▶ [Provided material]
○ ○ ○ ○ ○

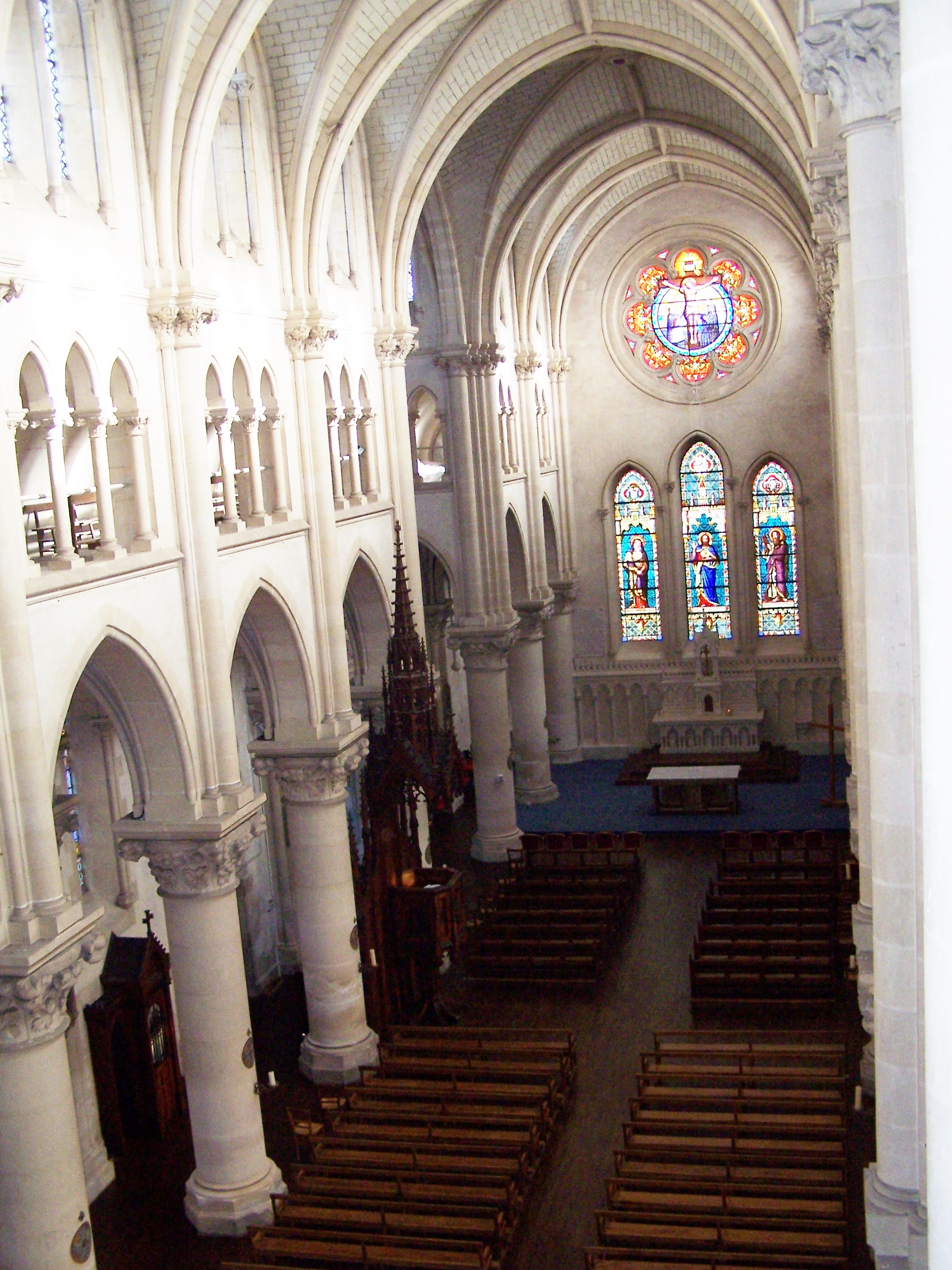 En y entrant, on est frappé par la hauteur des voûtes et le jeu de la lumière sur la pierre et les vitraux.
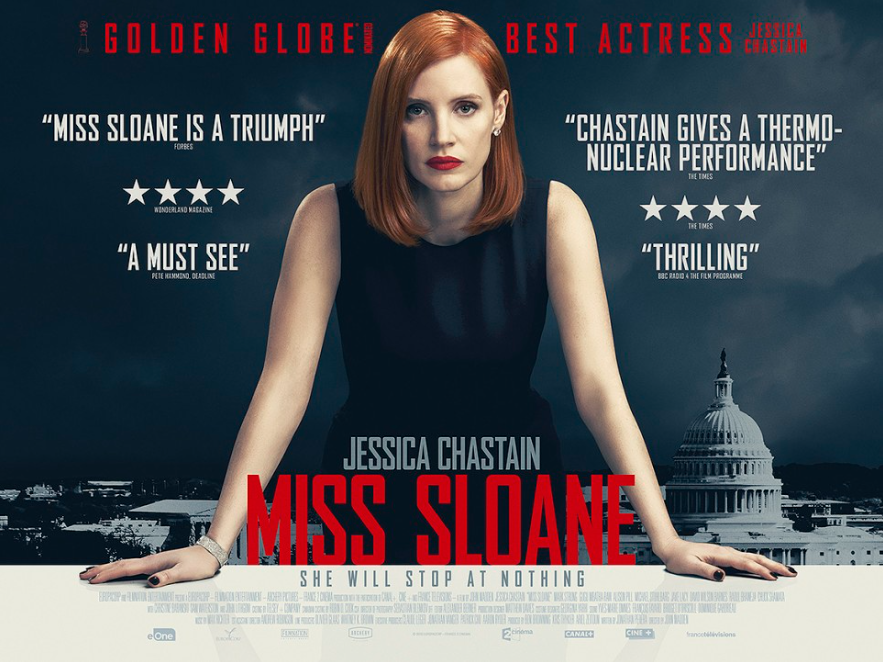 미국의 최고 로비기업 '콜 크래비츠' 에서 일하는 슬론은 지금의 위치까지 오기 위해 수단과 방법을 가리지 않았습니다. 그녀의 능력은 정치권에서도 영향력을 무시할 수 없었습니다. 그런 그녀에게 찾아온 미국 총기 업계 대표이자 상원 의원으로 재직 중이던 샌포드는 총기 규제 법안인 '히튼-해리스-법안의 통과를 막고자 그녀를 찾아오게 된 것입니다.
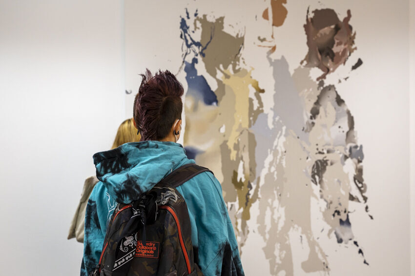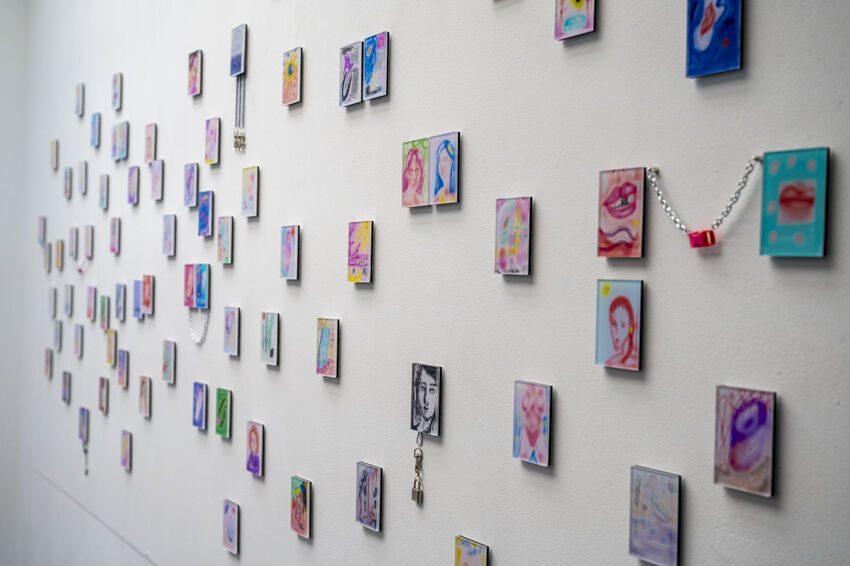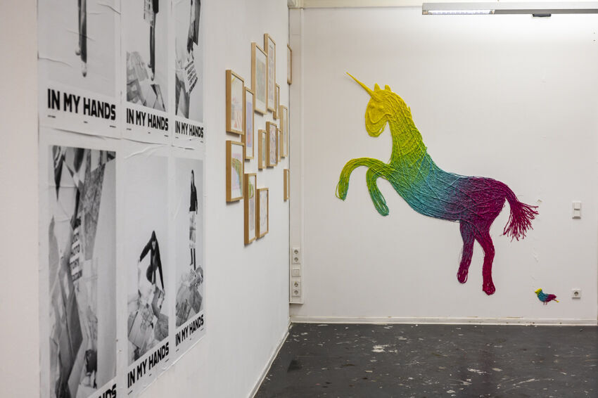 ![]() Links: Arbeiten von Leah Heeren & Drawing Group. Stirnwand: Sehyeong Lee, "Unicorn", 2022, Heißkleber, Sprühfarbe, Glitter, variable Größe Foto: Dörthe Boxberg |
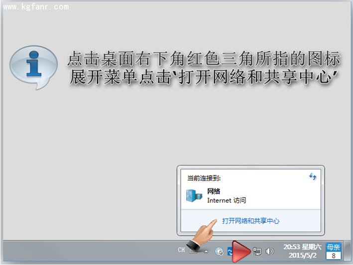 ▲在電腦桌面右下角找到小電腦圖標點擊左鍵(Windows 8及以上系統為右鍵),選擇網絡和共享中心

○ ○ ○ ○ ○

▶ [What you have to do] Your task is to repeat exactly the lines from the one containing "Dörthe Boxberg |" through the end of the material, both included, and only those, without pictures.

▶ [Response]
 ![]() Links: Arbeiten von Leah Heeren & Drawing Group. Stirnwand: Sehyeong Lee, "Unicorn", 2022, Heißkleber, Sprühfarbe, Glitter, variable Größe Foto: Dörthe Boxberg |
 ▲在電腦桌面右下角找到小電腦圖標點擊左鍵(Windows 8及以上系統為右鍵),選擇網絡和共享中心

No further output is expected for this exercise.